Queries that were so large that they needed to run as pre-scheduled batch jobs can now run at interactive speed, Carson says.  Users can also continue to use all the same ETL (extract, transform, and load) tools and processes they’ve developed, which provides continuity with prior BI investments.

“You can install it and crank through it at blazing speed to get answers to business questions,” Carson says. “If you’re using Tableau or Microstrategy, you can just fire it at this this system and interactively look at a petabyte of data at rates that nobody has seen before.”

Share-Nothing MPPs

Despite all the advances that have been made in flash storage over the years, analytic databases were stuck in a legacy architecture that limited their capability to utilize the tremendously fast I/O properties of flash. While many storage companies are selling screaming-fast solid state storage arrays with petabytes of data and IOPS ratings that go through the roof, MPP databases have been unable to take advantage of them because of their design. For that reason, OLTP databases, as opposed to OLAP databases, have been the big beneficiaries of the flash speed up, Carson says.

“An MPP database is a shared-nothing architecture, which means every node of the system has its own storage,” Carson explains. “So to get high performance out of parallel scale-out database, you can’t have centrally shared storage, like a flash array. You could do one flash array per node, if you have a 30-node cluster, by buying 30 Pure Storage arrays.

“But that leads to two problems,” he continues. “One is you’ve got 30 Pure Storage arrays and the cost of doing that. Secondly, the database is still a legacy database that can’t take advantage of that much I/O.  It still expects loads of memory and the data to be cached in memory and all the same issues of databases from the previous century basically, because that’s all you can get.
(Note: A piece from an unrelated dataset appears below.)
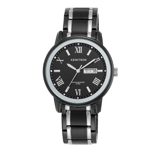 Mens Armitron black IP bracelet watch features a 41mm case with silver-tone crown and dial frame. The dial is a gloss black finish with silver-tone Roman markers. There is a day/date function window at the 3 o’clock position and luminous silver-tone hands. The two-tone, adjustable link bracelet is secured with a two-button fold-over clasp. Water resistant up to 165 feet.Style 20-4935BKTB.Limited Manufacturer’s Warranty.

“Yellowbrick is the only company that’s built the core data processing and execution inside the database from scratch to work with Flash as native flash query architecture,” Carson says. “We’re the only company that has that tech.  So you won’t get the economic benefit of that flash unless you have a brand-new database to go with it.”

Yellowbrick holds several patents on its technologies, including NFQ, which Carson didn’t want to get into very much. Nonetheless, the company is planning on getting the most out of its intellectual property (IP) investment, which means if you’re expecting to get an open source version of NFQ, you could be waiting for a while.

“We have about a 50-person company. We’ve done everything from building our own blade server, which normally takes a business like Cisco or HP to do it, all the way through to building an entire database, which is normally the focus of a whole company as well. We’ve done both,” Carson says.

“It was a phenomenal amount of work,” he continues. “Going into this, if we knew how hard it was, we may not have actually done it. But we’ve done it now.”